Although pitted keratolysis can occur on the palms, the feet are by far the more common site. The condition may be asymptomatic except for odour, which is why it can persist for some time before diagnosis. In many patients, the appearance is subtle enough that the diagnosis is missed or mistaken for tinea pedis, punctate keratoderma, verrucae, or other causes of plantar surface change.
Diagnosis and Differentials
Diagnosis is usually clinical. A careful inspection of the soles in a moist state often reveals the pits more clearly, and the pattern on pressure-bearing areas is highly suggestive.
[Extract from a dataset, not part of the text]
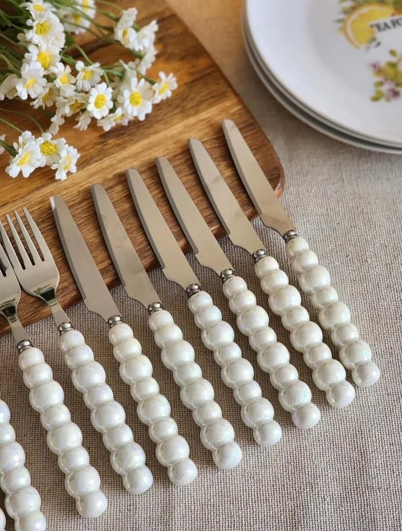 ست کاردو چنگال دسته مرواریدی ۶ تایی
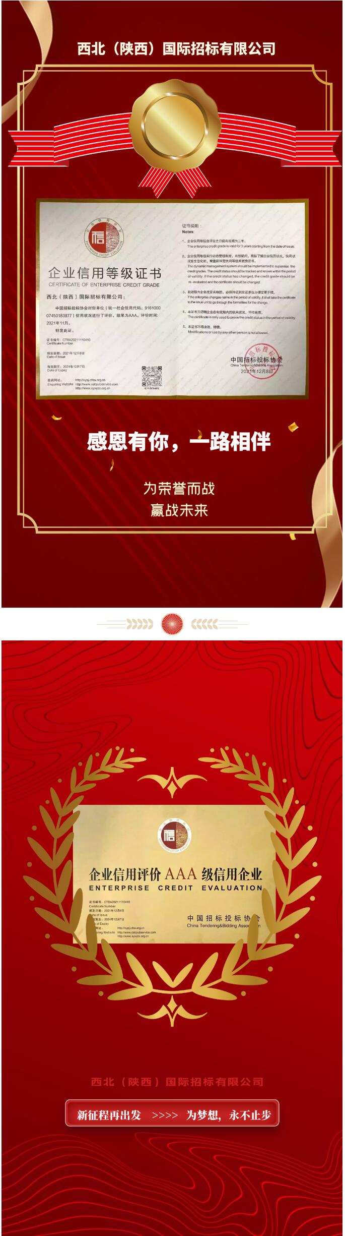 我公司榮獲【中國招投標協(xié)會】頒發(fā)的《企業(yè)信用評價AAA證書》

If there is diagnostic uncertainty, potassium hydroxide examination can help exclude tinea pedis, while culture may demonstrate gram-positive coccobacilli or bacilli, although this is not usually necessary in routine care.
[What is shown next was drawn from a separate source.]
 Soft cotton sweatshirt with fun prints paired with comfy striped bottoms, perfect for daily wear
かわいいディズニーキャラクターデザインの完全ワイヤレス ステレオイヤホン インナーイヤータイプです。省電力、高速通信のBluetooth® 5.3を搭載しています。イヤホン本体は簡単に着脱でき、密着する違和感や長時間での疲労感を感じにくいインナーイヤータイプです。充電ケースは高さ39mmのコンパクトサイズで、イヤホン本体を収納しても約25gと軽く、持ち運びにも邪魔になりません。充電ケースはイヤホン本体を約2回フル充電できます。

The main differentials are tinea pedis, plantar warts, punctate palmoplantar keratoderma, and other keratolytic or hyperkeratotic disorders. The presence of malodour and multiple shallow pits on weight-bearing plantar skin strongly favours pitted keratolysis over these alternatives. A Wood lamp is not reliably diagnostic, though some Corynebacterium-associated cases may show coral-red fluorescence.
Treatment
Treatment is highly effective and usually combines topical antimicrobials with measures to reduce sweating and moisture. Commonly used topical agents include clindamycin, erythromycin, mupirocin, and sometimes fusidic acid or benzoyl peroxide combinations. Most cases improve within about 3 to 4 weeks when treatment is combined with environmental control.
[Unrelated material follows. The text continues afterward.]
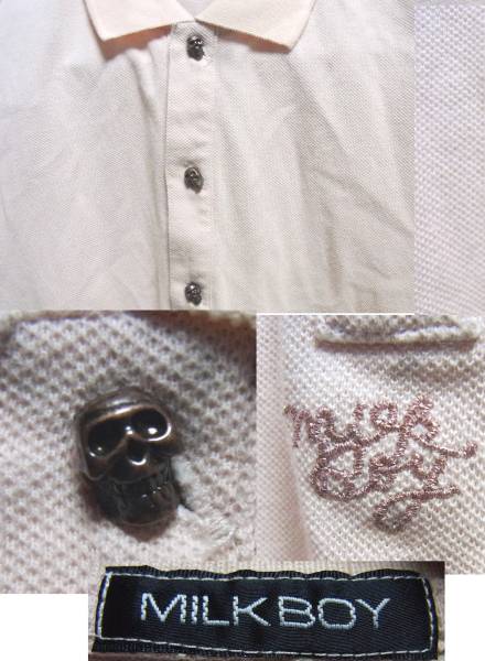 第3ボタン下にはグラフィック調のMILKBOYロゴが刺繍で入っています。
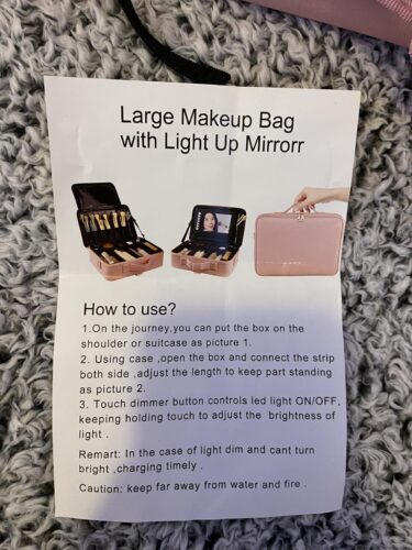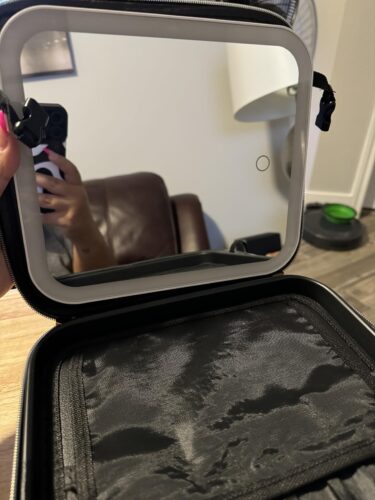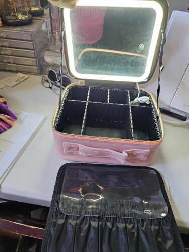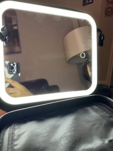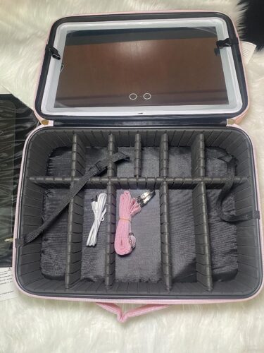 It comes with a rechargeable light up mirror (cord included) that can be attached inside the lid of the case with the attached Velcro. It has 3 light settings: cool, natural, and warm. It can also be dimmed or brightened as needed. It has small pockets that can be used to store additional items, such as the mirror charger and strap.

Equally important is addressing the moist shoe environment. Patients should rotate shoes, avoid tight or occlusive footwear, wear moisture-wicking or absorbent socks, and dry their feet carefully after washing or exercise. Managing hyperhidrosis with antiperspirants, iontophoresis, or other sweat-reduction strategies can be useful in recurrent or resistant cases. In selected patients, particularly those with significant sweating, botulinum toxin has also been described as an adjunctive option.
Prognosis and Prevention
The prognosis is excellent. Once the bacterial overgrowth and moist environment are controlled, the lesions generally resolve quickly and recurrence is preventable with ongoing foot-hygiene and footwear measures. Unlike many chronic plantar dermatoses, pitted keratolysis does not usually leave lasting damage if treated promptly.
Prevention is best framed as moisture management. Regular sock changes, full drying after bathing or exercise, shoe rotation, breathable footwear, and attention to hyperhidrosis are the most practical measures. For recurrent cases, it is worth reviewing occupational footwear habits, training loads, and any underlying sweating disorder, because these are often the real drivers of persistence.
Clinical Significance
For podiatric and general clinical practice, pitted keratolysis is important because it is common, treatable, and frequently mistaken for fungal disease. Correct diagnosis avoids unnecessary antifungal treatment and helps clinicians target the actual problem: bacterial colonisation in a humid plantar environment. The condition also offers a good opportunity for patient education, especially around foot hygiene, sweat control, and shoe management.
In summary, pitted keratolysis is a superficial bacterial infection of the feet characterised by plantar pits, malodour, and moisture-related skin changes. It is usually easy to recognise, responds well to topical antibiotics, and recurs mainly when the underlying wet-occlusive footwear environment is not corrected.